While having clinical implications, there is potential public health benefit in identifying a cluster of HIV transmission [43]. Although the limitations of phylogenetic analysis include the inability to attribute directionality of a transmission event [44, 45], highly related viral sequences may correlate with shared social or risk-behaviour patterns [46]. If a cluster of related infections goes unrecognized by public health, an opportunity may be lost to mitigate ongoing transmission; especially originating from those individuals recently infected or from those not yet diagnosed. Public health education within the communities in which higher HIV TDR is found, more frequent testing of those within those communities and appropriate and early treatment are all public health interventions can reduce transmission and improve the outcomes within that community. From the outcome perspective, it is extremely important to understand the reasons for successes and failures of public health interventions. An occult transmission cluster, reflecting a negative result such as incident infection or drug resistance, can negatively bias the interpretation of a program that is actually effective. Studies are underway to examine how best to balance the use of phylogenetics in public health investigations with individual privacy [47].
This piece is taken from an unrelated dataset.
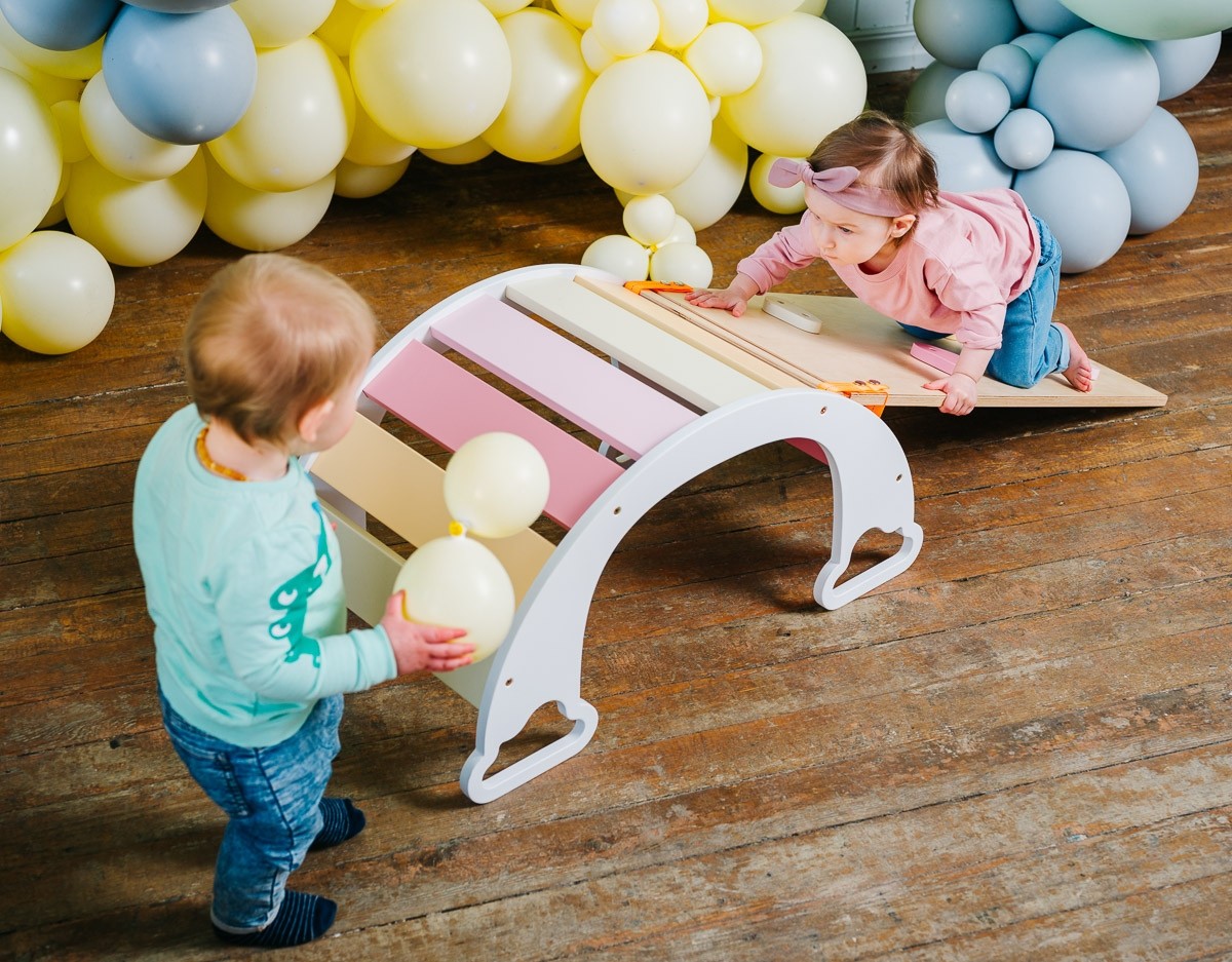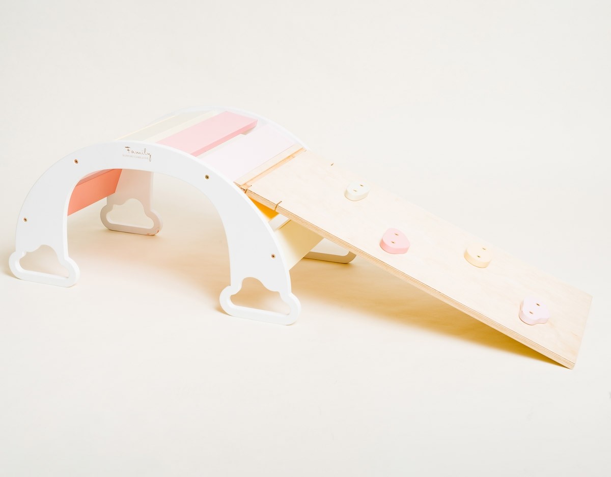 MONTESSORI LJULJAČKA SA ZIDOM ZA PENJANJE odlična je igračka za razvoj motoričkih i kognitivnih vještina vašeg djeteta. Možete birati između tri različite kombinacije boja, među kojima ćete sigurno pronaći onu pravu koja će biti užitak za vaše dijete. Zid za penjanje može se jednostavno montirati ili skinuti s ljuljačke, koju dijete može koristiti i za penjanje, ili kao pult za igranje raznih igara.
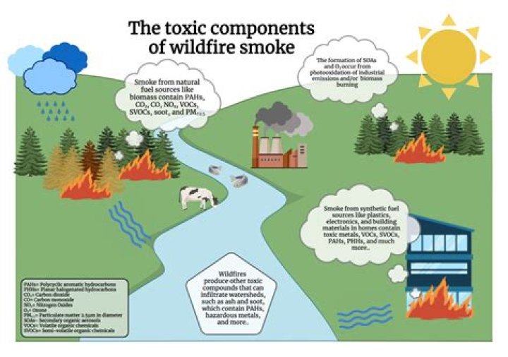 Wildfire smoke is made up of a complex mixture of gases and particles produced when wood and other organic materials burn. ... That means the heart, brain and the rest of the body are not getting the amount of oxygen they are used to, which in turn makes you feel sleepy.

There are some limitations to be considered in this study. Nearly 90% of the specimens that contained drug resistance were obtained less than 6 months after diagnosis while only 63% of the specimens without TDR were collected in the same timeframe. While our evaluation of TDR may be biased toward identifying less durable mutations the D67N/K219Q, which represented the majority of our TDR, has a low fitness cost and should be durable. The over-representation of these mutations among those recently diagnosed is likely consistent with the mutations acting as a marker for recent cluster formation. While we were diligent in identifying all new patients seen at the largest HIV referral center in Ottawa, there is the possibility of sample bias due to the unavailability of genotypes from some patients. Consequently, even though our cohort appears to be statistically representative of the epidemic in Ontario, our findings on TDR are valid only for the sub-populations seen at the Ottawa Hospital. This sample bias may also affect the depth of sampling in the phylogenetic analysis resulting in the possibility that the clustering of the D69N/K219Q mutations among MSM may be more widespread. Although our study possesses the theoretical limitations associated with sample bias, it is precisely these “limitations” that exposed the divergent TDR trends among our clinic sub-populations. Indeed, similar disparities in DR surveillance patterns have been observed in bacterial infections resulting in a similar call for local surveillance [48].

Conclusion

We have shown that analysis of HIV genotypes, at the local level, reveals patterns of DR that are distinct from those described in surveillance reports encompassing larger geographic areas. Local molecular epidemiological analysis of these genotypes may provide insight into the reasons why these HIV DR patterns differ and expose occult infection clusters. Using the model for antibiotic resistance surveillance, collecting and analyzing HIV TDR data at the clinic level and then collating these results at provincial and national levels would both optimize patient care and provide more complete surveillance [23]. Finally, local phylogenetic analysis of clinical specimens may provide public health with additional tools for outbreak investigations.